§ **THE DATA**:
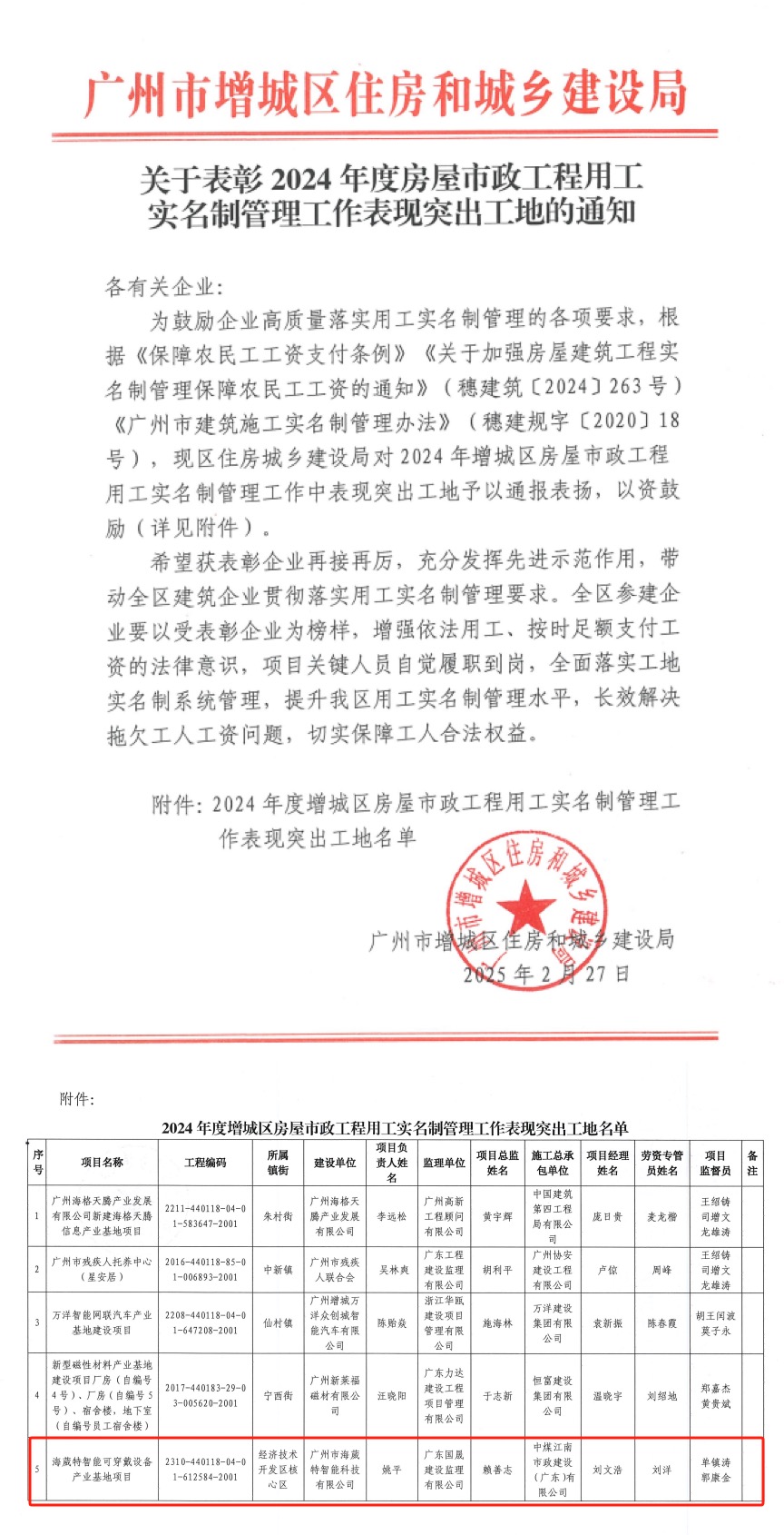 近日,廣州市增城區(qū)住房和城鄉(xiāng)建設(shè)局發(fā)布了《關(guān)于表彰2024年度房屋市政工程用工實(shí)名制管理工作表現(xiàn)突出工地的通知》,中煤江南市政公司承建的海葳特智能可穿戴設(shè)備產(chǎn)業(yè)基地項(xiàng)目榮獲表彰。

==

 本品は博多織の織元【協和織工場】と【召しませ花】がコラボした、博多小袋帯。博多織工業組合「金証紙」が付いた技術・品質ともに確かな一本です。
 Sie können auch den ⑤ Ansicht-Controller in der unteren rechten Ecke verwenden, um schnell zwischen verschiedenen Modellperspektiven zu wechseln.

* * *

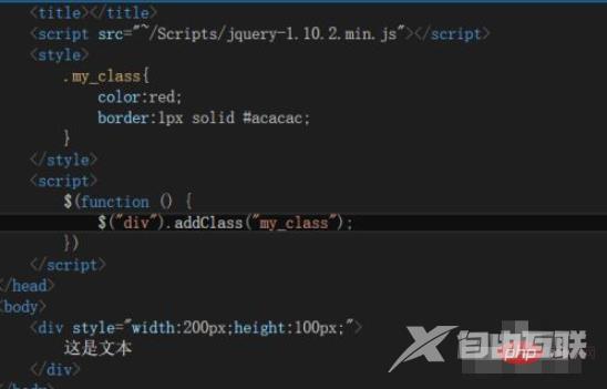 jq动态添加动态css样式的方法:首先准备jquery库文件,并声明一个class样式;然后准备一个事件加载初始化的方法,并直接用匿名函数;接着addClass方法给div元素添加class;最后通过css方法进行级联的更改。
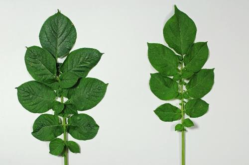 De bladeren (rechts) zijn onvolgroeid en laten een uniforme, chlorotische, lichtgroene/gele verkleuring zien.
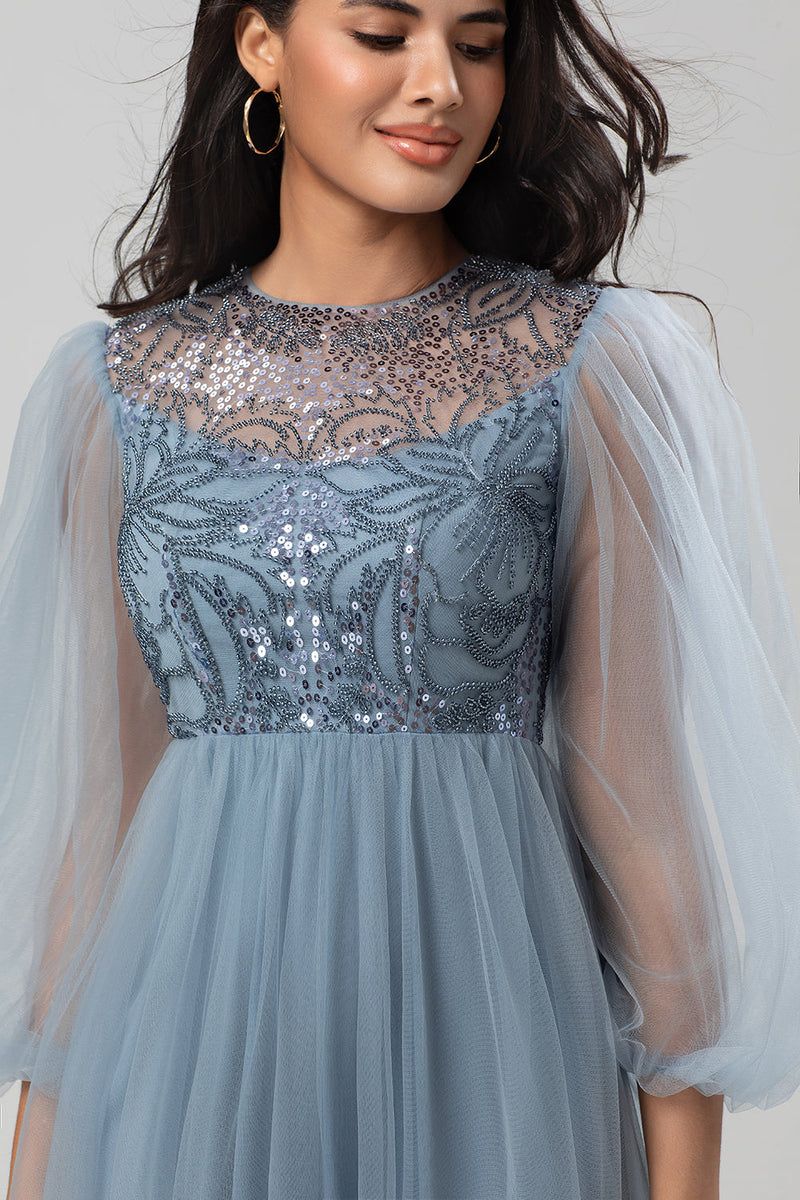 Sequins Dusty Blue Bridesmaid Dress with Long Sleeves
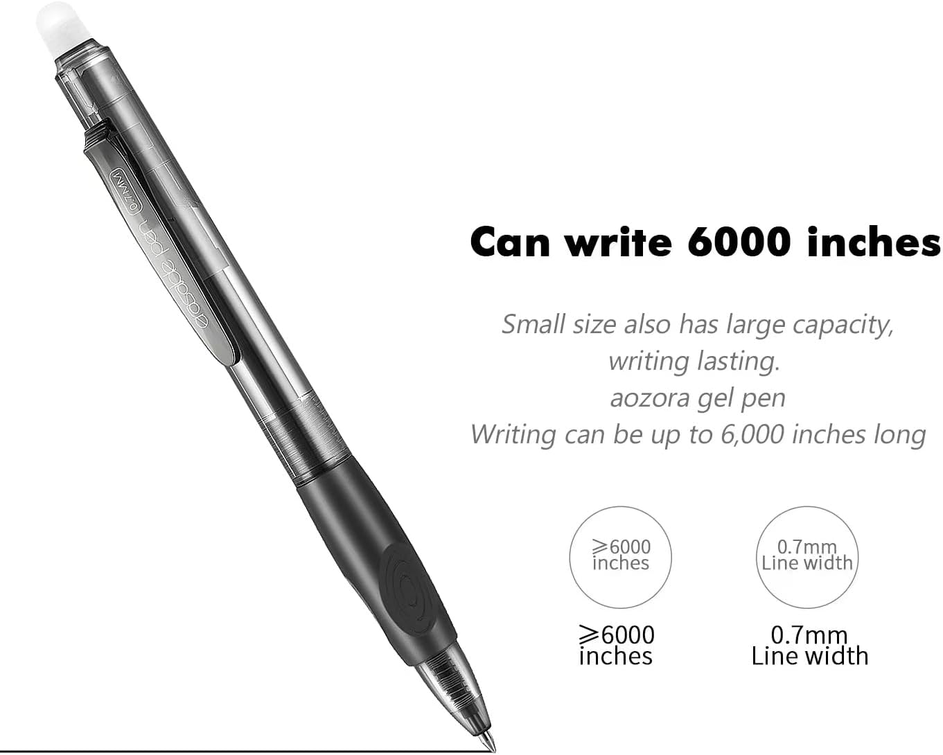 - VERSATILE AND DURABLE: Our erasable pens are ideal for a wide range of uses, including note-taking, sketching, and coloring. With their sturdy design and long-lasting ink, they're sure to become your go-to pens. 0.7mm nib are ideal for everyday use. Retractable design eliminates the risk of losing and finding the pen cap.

§ **EXERCISE DESCRIPTION**: Only one stretch of the listing is wanted: the lines starting at the one with "jq动态添加动态css样式的" and ending at the one with "- VERSATILE AND", copied exactly and free of pictures.

§ **EXERCISE ANSWER**:
 jq动态添加动态css样式的方法:首先准备jquery库文件,并声明一个class样式;然后准备一个事件加载初始化的方法,并直接用匿名函数;接着addClass方法给div元素添加class;最后通过css方法进行级联的更改。
 De bladeren (rechts) zijn onvolgroeid en laten een uniforme, chlorotische, lichtgroene/gele verkleuring zien.
 Sequins Dusty Blue Bridesmaid Dress with Long Sleeves
 - VERSATILE AND DURABLE: Our erasable pens are ideal for a wide range of uses, including note-taking, sketching, and coloring. With their sturdy design and long-lasting ink, they're sure to become your go-to pens. 0.7mm nib are ideal for everyday use. Retractable design eliminates the risk of losing and finding the pen cap.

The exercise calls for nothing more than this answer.